ENVOI I/O System and Offload Engines
The ENVOI I/O and offload engines are the most remarkable and unique features for the PWRficient family. Most systems use I/O in a fixed arrangement; a system might support 4 PCIe lanes, and 2 Serial ATA connections, but cannot be re-arranged to support 6 PCIe or 2 PCIe and 2 SATA. The PWRficient family takes advantage of the increased die space at 65nm to implement an extremely configurable I/O system, shown below in Figure 5.
Figure 5 – ENVOI I/O System (modified from a P.A. Semi presentation)
The I/O system features 24 SERDES lanes to communicate with the outside world; each one runs at up to 2.5Gbps for a maximum of 104Gbps or 13GB/s. The SERDES lanes are configured at boot time through the BIOS or boot ROM, and may be used for PCI Express lanes, 10 Gigabit Ethernet or Gigabit Ethernet. A single PCIe lane maps to exactly one SERDES lane, the 10 Gigabit Ethernet requires 4 SERDES lanes, and the Gigabit Ethernet requires a single SERDES, but leaves bandwidth on the table. The I/O system has support for 8 PCIe connections, which can be up to 16 lanes each and supports partitioning. There are up to two 10 Gigabit Ethernet MACs, and 4 Gigabit Ethernet MACs, and they all support IPv4, v6 and packet filtering. Other protocols are currently under consideration for future inclusion, such as RapidI/O, SATA, Fibre Channel, Serial Attached SCSI just to name a few.

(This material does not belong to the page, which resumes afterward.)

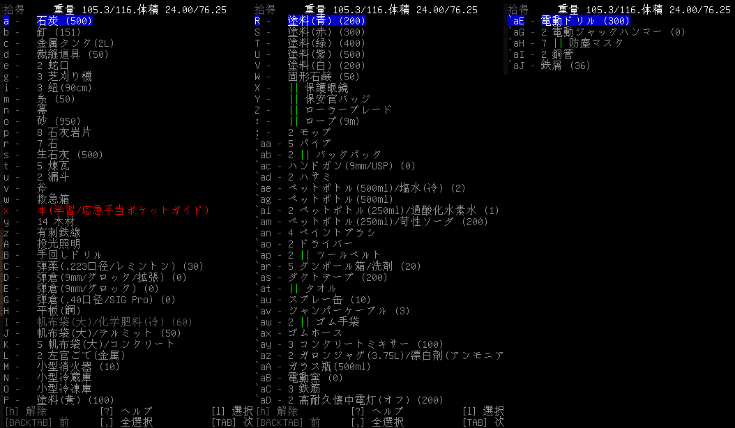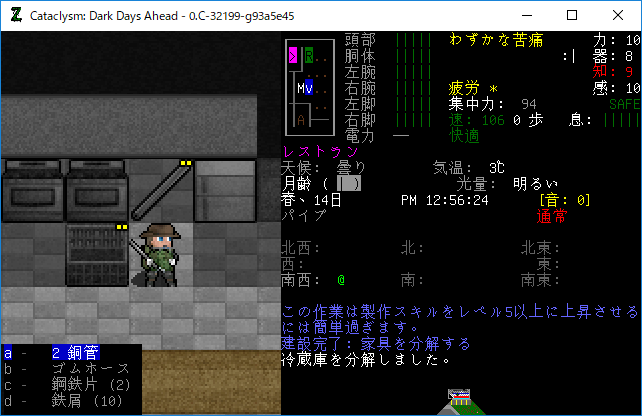 この投稿は「Cataclysm Dark Days Ahead」のプレイ日記です。毎日更新をします。目次はこちら。

While including the hardware for three different I/O standards does consume extra die space if they are not used, it gives the product much more flexibility. This sort of trade-off is most likely a good one, given that the transistor budget for each generation of devices doubles. Reconfigurability certainly reduces the total number of different chips needed (no more mixing and matching of SATA, PCIe, etc. controllers), and it will be interesting to see if other vendors follow suit; this will be a trend to watch for in the future.

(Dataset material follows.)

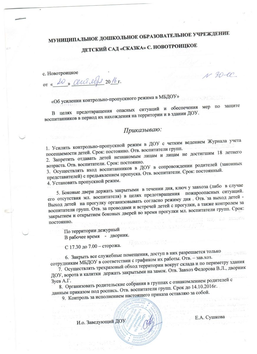Приказ "Об усилении контроль-пропускного режима в ДОУ"
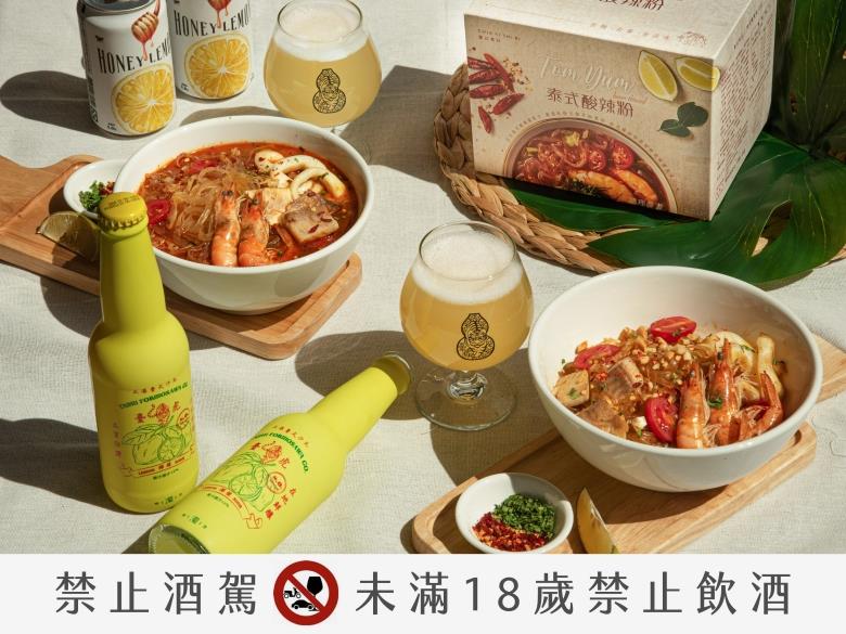 賈以食日首度合作線下餐廳店家,聯手臺虎精釀啜飲室大安店推出夏日限定套餐,結合熱銷麵食料理「泰式酸辣粉」與夏日必喝款「哈尼雷夢艾爾啤酒」、「臺式檸檬沙瓦啤酒」,餐酒相互搭配,酸、辣、香、甜層次疊加、襯托各自風味特色,打造今夏最開胃、爽口的美食饗宴!

The ENVOI I/O system also features a coherent, fully associative 8KB cache for internal use. The I/O cache can prefetch, store descriptors and combine writes. Additionally, the L2 cache can also be used for I/O caching. This might seem a little peculiar, but these features (combined with the ability to access the crossbar) lead to higher performance and lower power consumption. In general, reading data from a nearby cache is the quickest and most efficient access method; according to Mark Hayter, a cache access uses 40x less power than going to DRAMs.

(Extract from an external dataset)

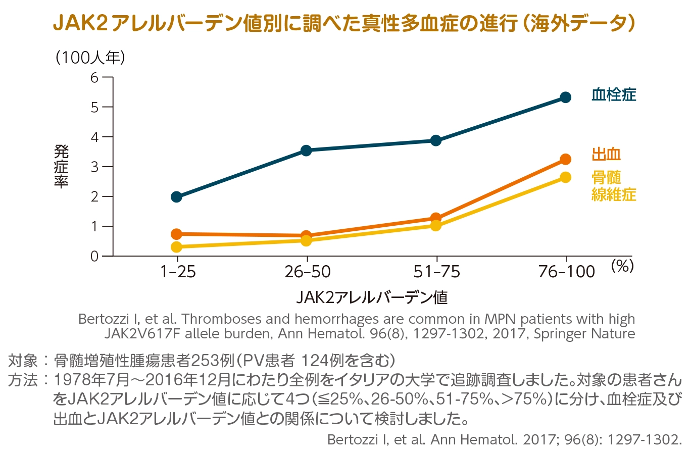 JAK2アレルバーデン値が高いと血栓症、出血などの合併症の発症頻度や骨髄線維症、白血病への移行頻度が高いという研究結果があります。

The last elements of the ENVOI I/O system are the DMA and offload engines. The DMA engine supports 64 receive channels, 20 transmit and has a 24KB buffer. It is capable of scatter-gather operations and transactions between any combination of memory and I/O (i.e. memory to memory, memory to I/O, etc.). All together, it can sustain 32GB/s of bandwidth, which is a nice match for the interconnect capacity. The offload engine is a bit more interesting. It was designed to support a variety of functions, including encryption and decryption, CRC, checksums and the XORing function for RAID 5. The encryption support is fairly comprehensive, including AES, 3DES and several other block ciphers, and cryptographic hash functions such as MD5, SHA-1, SHA-256 and a few more. Perhaps most importantly, it also supports SSL and IPSec acceleration. The CRC engine is a generalized one that should be usable for almost any CRC algorithm, be it TCP/IP or the protocol of the week. The CRC engine is another example of how, when given the choice between a simpler but less general piece of logic, the P.A. Semi designers tended to opt for a more powerful and general implementation, even if it is more complex.
System Management Interfaces
The PA6T-1682M also has the regular set of management ports and features. The power and system timer are used for the dynamic clocking and voltage regulation, among other management and timing functions. During start up, the system uses the boot bus to access the BIOS, which is stored on either a ROM, or various types of flash memory. External I/O is also provided through UART (i.e. serial) ports and the ubiquitous SMBus interface. Lastly, there are two built-in debugging facilities. The two trace memory blocks shown in the PA6T-1682M are used to capture traces of transactions across CONEXIUM (the TTM) or traces of I/O operations (PTM). These can be used to diagnose failures and to examine performance characteristics.